Fato ocorrido há décadas vez por outra me vem à mente.

Existem acontecimentos em nossa vida que marcam, fazendo parte do curso da existência.


Lembro-me que o mencionado ocorreu quando eu ainda possuía escritório de execuções contábeis.


Necessitando adaptar um trabalho para um cliente às exigências do governo e sabendo que ilegais eram as imposições que estavam sendo feitas, admiti que um diálogo pudesse ajudar.


Jamais havia eu requerido uma audiência com certa autoridade do executivo.


Minha intenção não era a de pedir coisa alguma, mas, sim, dialogar sobre uma sugestão.


Mesmo apelando para as vias normais de acesso ao referido “Superintendente” o referido manifestou-se mais “Super” que “Intendente”.


Contava eu com amizades de hierarquia superior à do referido funcionário, mas, não tinha apelado para as mesmas, pois, por medida prática sabia que seria chamado para o diálogo o mencionado funcionário.


Comentando com alguns colegas sobre a questão todos me disseram que jamais haviam conseguido aproximação fácil com aquela autoridade, pois, fazia-se de “muito importante”.


Mesmo necessitando nunca foi meu hábito utilizar de pressões para conseguir objetivos.
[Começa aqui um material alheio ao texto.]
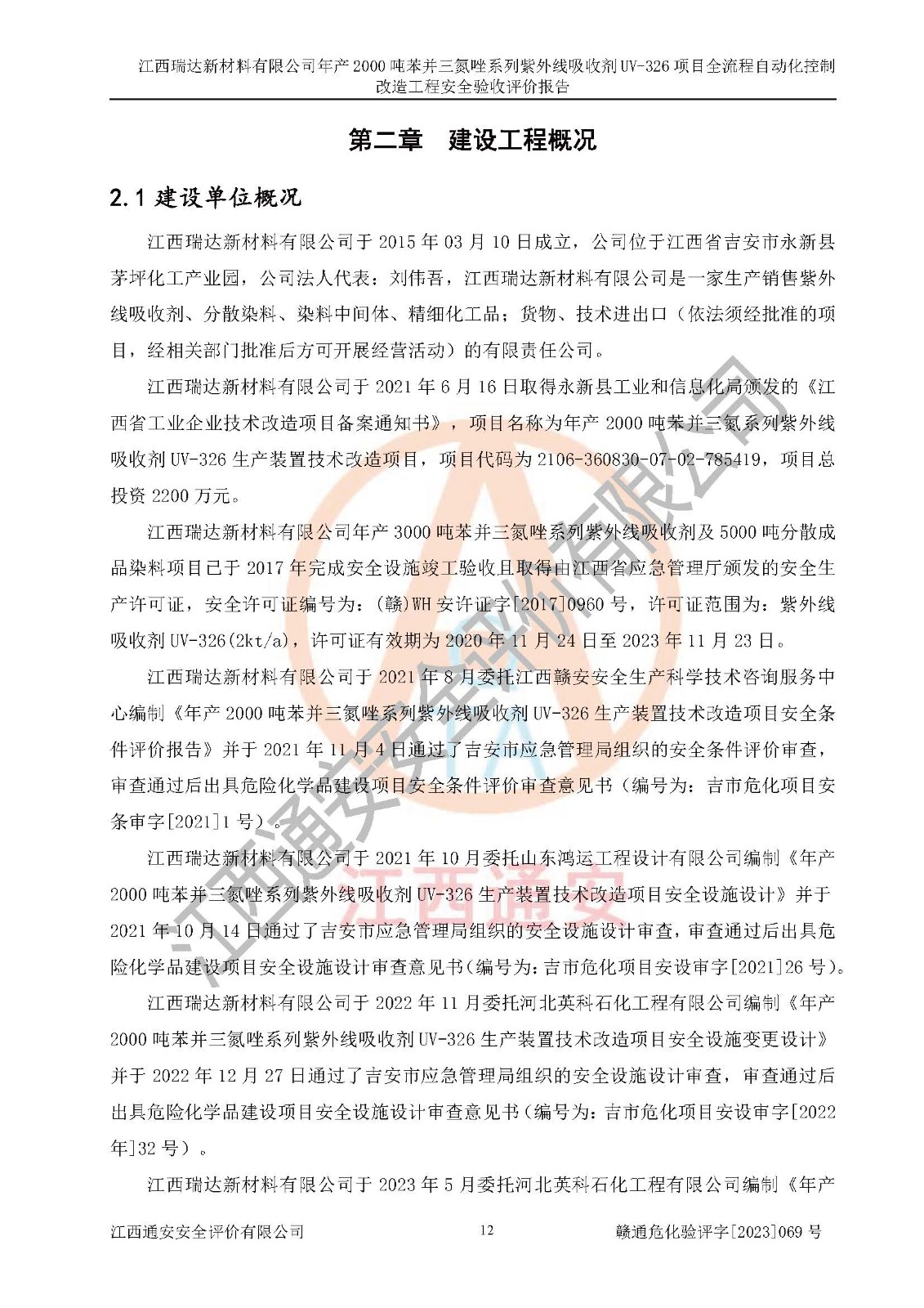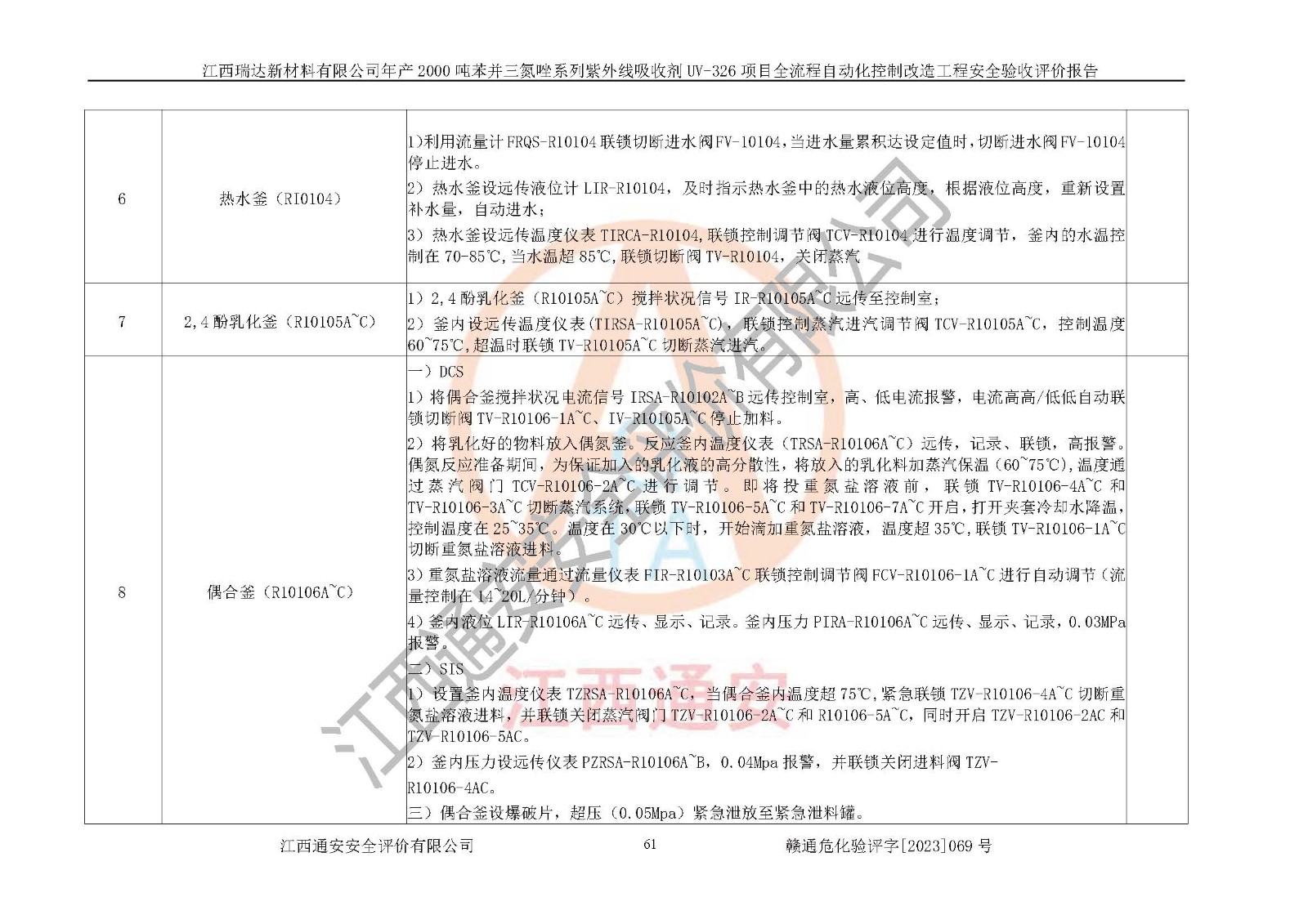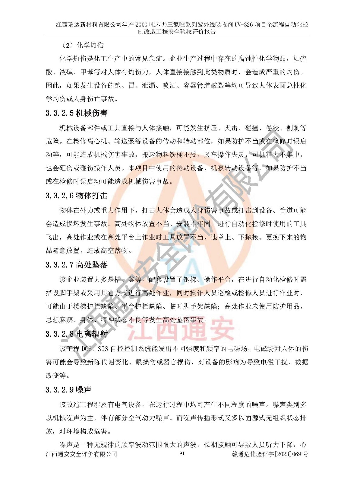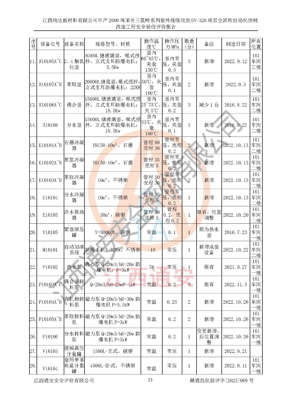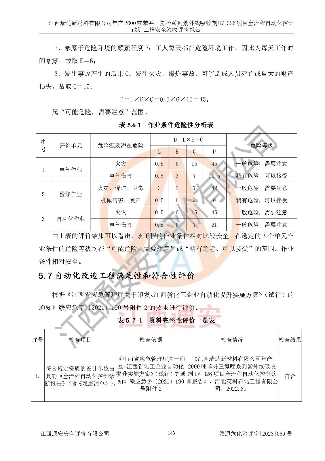 評價報告名稱 | 江西瑞達(dá)新材料有限公司年產(chǎn)2000噸苯并三氮唑系列紫外線吸收劑UV-326項目全流程自動化控制改造工程安全驗收評價報告 | |||

Sempre entendi que as conquistas na vida, especialmente as relativas a relações humanas devem pautar-se por sinceridade e respeito.


Ademais, também sempre acreditei na espontaneidade das aproximações, raramente apelando para “recomendações” ou comprometendo alguém por indicar-me.


Menos por duvidar que recomendações sejam úteis e mais por recolher-me a um feitio próprio evitei ao longo da vida utilizar o favorecimento de amigos.


Mais ajudar que a pedir ajuda pautei por tal norma minha conduta.


O assunto, todavia, que tinha por resolver possuía prazo e se ultrapassado terminaria por prejudicar o meu cliente.


Rompendo, pois, o que habitualmente me caracterizou, fiz uma ligação telefônica para uma autoridade maior e pedi o contato, mas, não revelei que o tal superintendente estava sempre evitando receber-me.


Prontamente fui atendido.


Não sei por que razão o referido funcionário foi alegando que eu não precisaria apelar para maior autoridade para que fosse recebido.


Respondi polidamente que para tratar com quem tal responsabilidade possuía um meio formal só reforçaria a solução e essa havia sido a razão de requerer fosse apresentado.


Foi como deitar álcool na fogueira, pois o aludido funcionário inflou-se como um pavão.


Sentiu-se nas nuvens, naquelas que virtualmente formavam o céu em que se colocava.


Sequer fiz menção às minhas anteriores tentativas em conversar com o mesmo.


Em diálogos devemos evitar reprovação ao interlocutor e confronto, pois, nada constrói de útil.


O assunto foi tratado como se eu fosse pedir a opinião dele, mesmo já tendo a minha formada através de muito estudo.


Formulei, todavia, as perguntas exatamente enfocando as bases que podiam levantar dúvidas e apresentei pontos relevantes que abalavam conceitos.


O sistema funcionou.


Com amenidade fui colocando os fatores complicadores do caso.


Obviamente a solução não saiu do encontro, mas, ficou aberto para reflexões.


Dias depois fui chamado para um novo diálogo e dessa vez era o “superintendente” que me convocava.


Não me nivelei em atitude e prontamente atendi.


Havia-se invertido o processo e ele passava a pedir a minha opinião.


Disso restou não só uma solução técnica, mas, especialmente uma experiência ética de rara valia.


Atribui a quem se dava tanta importância uma idéia de que o sentia deveras importante; mostrei que possuía meios para outros caminhos que poderia tomar por iniciativa própria, mas que respeitei para que a solução fosse pacífica e sem arranhões.


O fato de não aceitar ser mais importante que aquele que se dava “excesso de importância” terminou por fazê-lo “menos importante” no final do caso e a solução foi aquela que deveras favoreceu o meu cliente.